Duck is the common name for a large number of species in the waterfowl family Anatidae which also includes swans and geese. Ducks are divided among several subfamilies in the family Anatidae; they do not represent a monophyletic group (the group of all descendants of a single common ancestral species) but a form taxon, since swans and geese are not considered ducks. Ducks are mostly aquatic birds, mostly smaller than the swans and geese, and may be found in both fresh water and sea water.
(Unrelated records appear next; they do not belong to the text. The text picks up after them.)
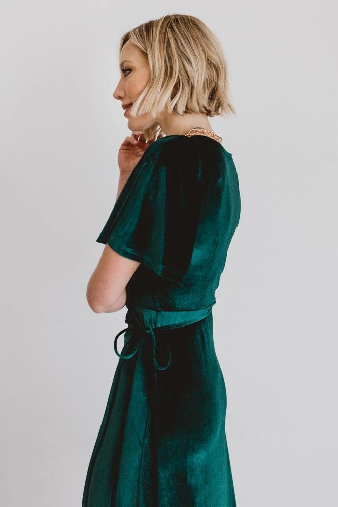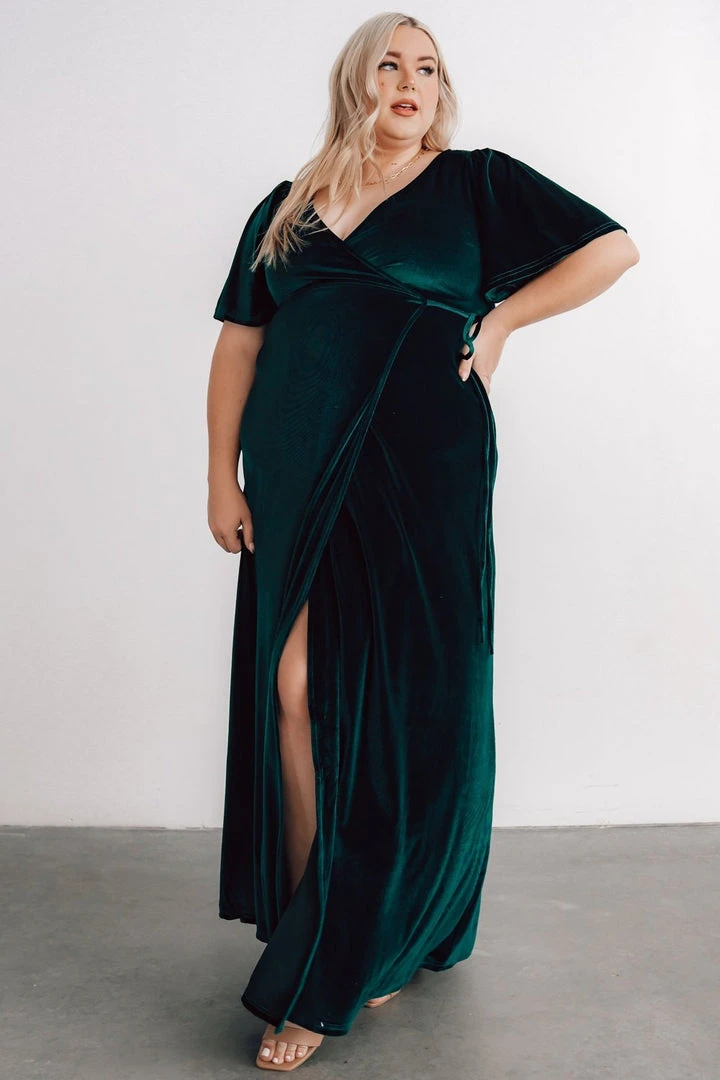 BB Custom Meghan Velvet Wrap Maxi Dress | Emerald Dresses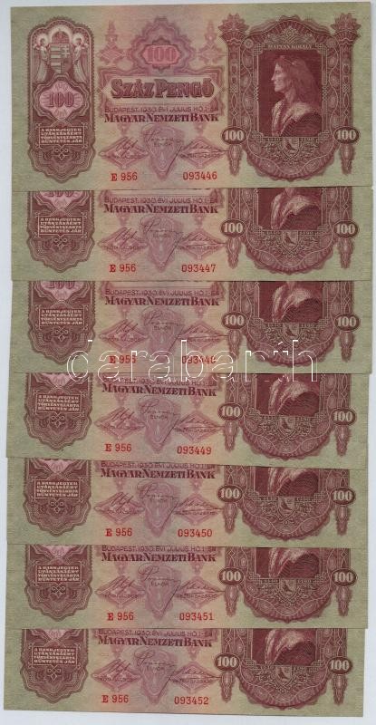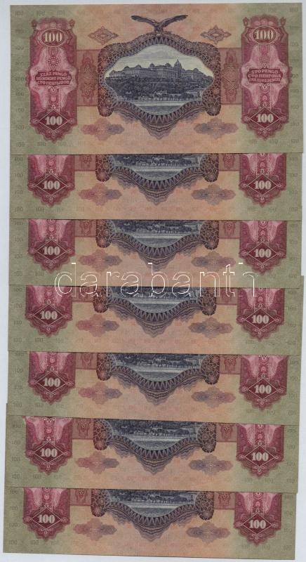 1930. 100P (7x) sorszámkövetők T:I,I- https://www.darabanth.com/hu/311-Gyorsarveres/311.0/Numizmatika/Magyar-bankjegyek~7/1930-100P-7x-sorszamkovetok-TI-I-~II1696070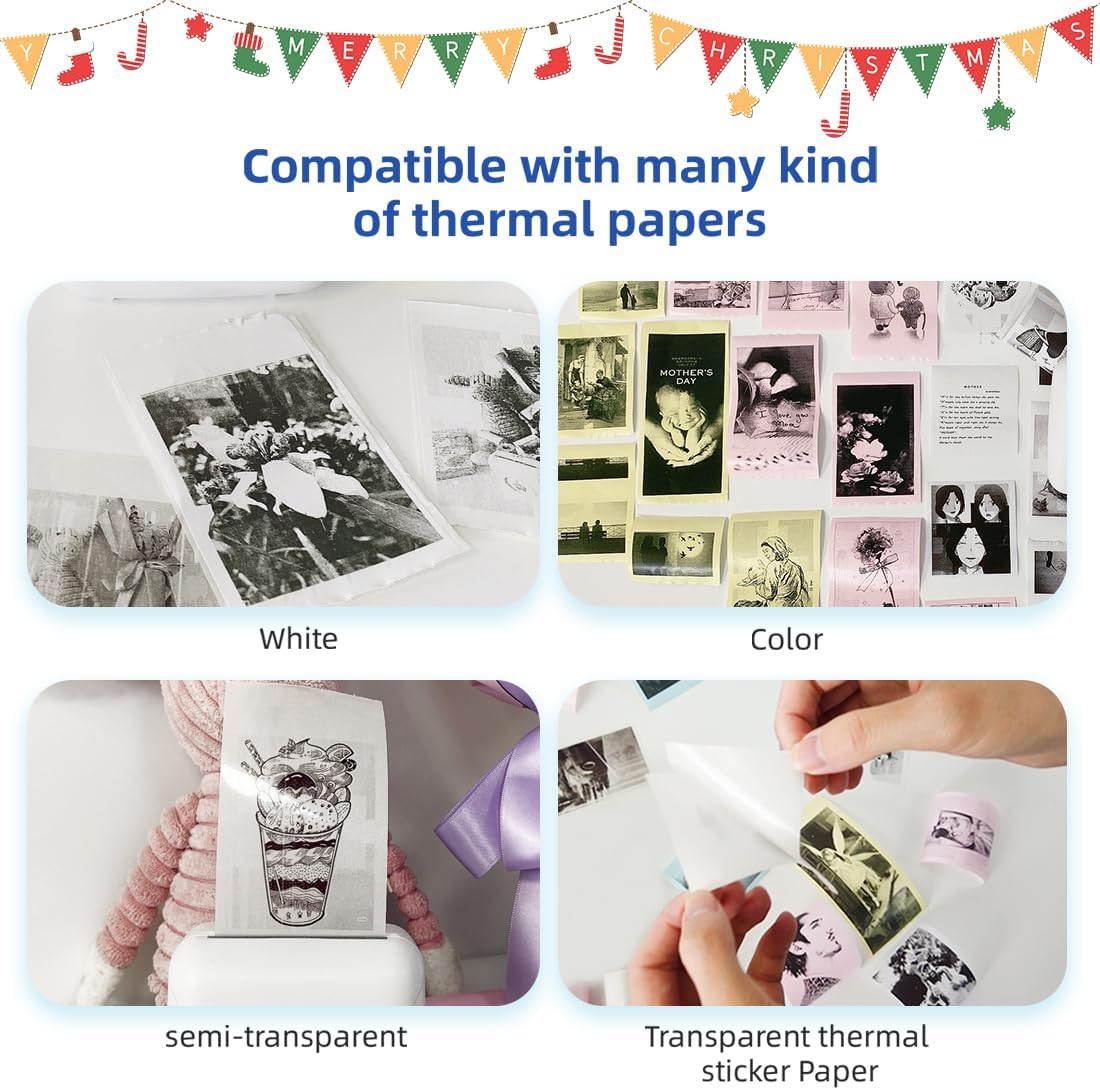 Mini Photo Printer: A mini sticker printer can be used as a photo printer, It is very portable, and it can record your memory during the trip. The portable photo printer supports a Bluetooth connection. As long as you have enough power, you can take it with you on your trip. Keep a record of your life at all times. Please note: The Photo printer only supports black and white.

Ducks are sometimes confused with several types of unrelated water birds with similar forms, such as loons or divers, grebes, gallinules, and coots.
But you could also describe a duck in two simple words: "water bird". Apparently that's a real term: https://en.wikipedia.org/wiki/Water_bird
See Genesis 2:19-20 (and its placement/context). God shows Adam forms to be named.
Every ancient-enough religion all starts out, effectively, the same way, in their own "religious dialect": the universe was created, life on Earth was created, and then Mankind invented language. This has made a lot of people very angry and been widely regarded as a bad move.
Things were simply not named before we invented language and named things.
I'm not saying that new words aren't created, just that in a practical sense, unless you're creating new words to mess with someone trying to do this, it doesn't apply.
You have my most enthusiastic contrafribularities.
With math a circular definition is unacceptable, and that when the theorem comes into play.